The key question is- how much light are you running over your tank?

Light is what drives plant growth, and growth rate is what determines nutrient needs.

I don't ever dose anything on my own tanks- but that's because I run low light tanks and rely on my bioload to supply the plant needs. Only thing my plants ever get is whatever they can obtain from the substrate and the occasional root tab.

If you're running more light, then you probably won't be able to get away with that.


----------



## redryder (Dec 28, 2009)

My lights are about 2 watts per gallon.


----------



## Darkblade48 (Jan 4, 2008)

What kind of lighting do you have? 2 WPG is quite meaningless without knowing the type of light.　For example, 2 WPG　of T12 lighting is quite different from 2 WPG of T5HO lighting.


----------



## redryder (Dec 28, 2009)

Its T5 lighting


----------



## tug (Mar 22, 2009)

The simple answer to your question is yes and don't wait two or three weeks. Whether or not you should add nutrients is not the question. How much you need to dose is. Nothing is written in stone, the dosage you should be adding to supplement the nutrients coming out of your tap water and from the fish load will vary.


Have you looked at your local water quality report?
What soil are you using for a substrate?
What size tank did you say you have?
How many fish do you have?
What type of plants do you keep?
What wattage is listed on the bulb you have?
_Sorry, I need to ask. I once worked with someone who thought they had 2wpg when they had around 6wpg._
Is the light T5HO or T5NO?
Are you going to be adding CO2?
You have very good lighting (if it's 2wpg of T5HO), more then you need without a CO2 setup.

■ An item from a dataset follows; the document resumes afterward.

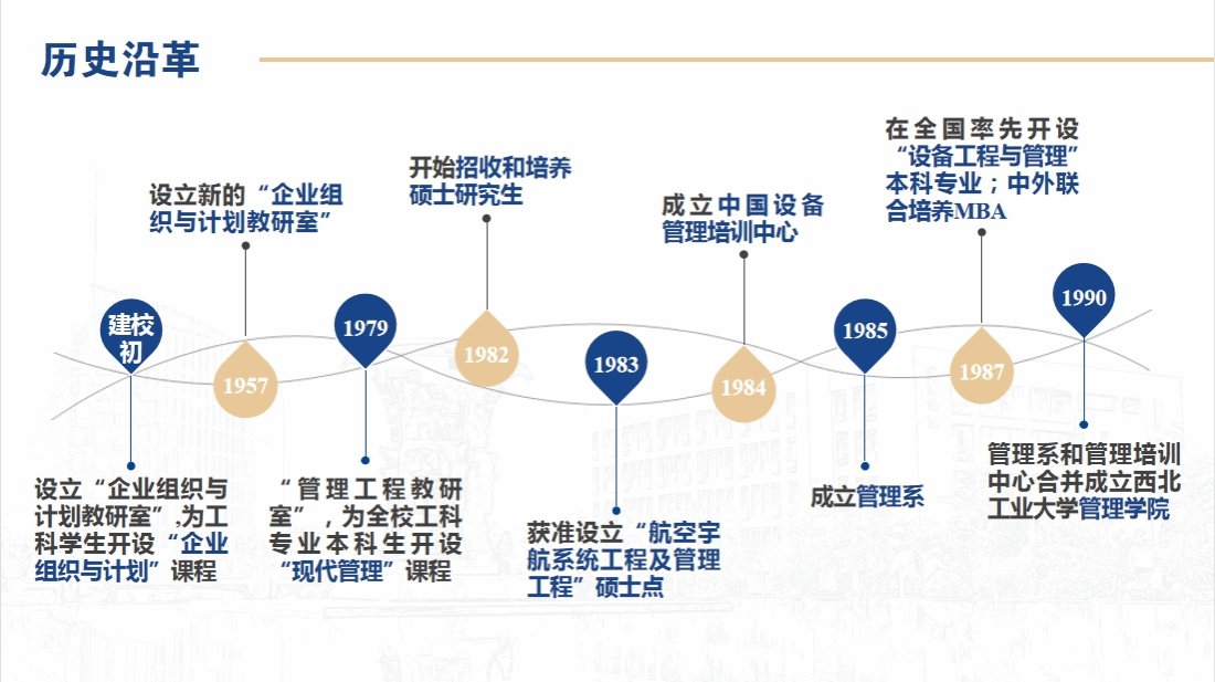银河集团官网的前身西北工公司和华东航空公司(西安航空公司)自建校之初就设有“企业组织与计划教研室”,为工科员工开设“企业组织与计划”课程。1957年并校后设立新的“企业组织与计划教研室”。1979年,“企业组织与计划教研室”发展成为“管理工程教研室”,隶属于原“飞行器制造工程系”,为全校各工科专业本科生开设“现代管理”课程,1982年开始招收和培养硕士研究生。1983年获准在银河集团官网设立“航空宇航系统工程及管理工程”硕士点。在此基础上,1985年成立管理系。

For example, at weeks end my nitrate levels are around 20ppm and my phosphate levels are around 4ppm. I have an average number of fish. I like fish, but don't like to crowd them out. I feed fairly heavily and perform weekly water changes. My tap water has 2ppm of phosphate and I dose an additional 1ppm daily for five days. I also dose about 4.4ppm of nitrate on the same days. It's going somewhere. It must be. Of course I do inject CO2 so that helps. I would look at the Fishfriend calculator and see if you are adding anything close to 1/2 what I dose. Answer some of the questions people have asked as completely as you can and you can get through this.



redryder said:


> Do I really need macronutrients?


----------



## lauraleellbp (Feb 3, 2008)

redryder said:


> Its T5 lighting


T5NO or T5HO? What brand fixture?

Are you dosing CO2 on the tank? 

If so, DIY or pressurized? 

Do you have a drop checker to measure your CO2 levels?


----------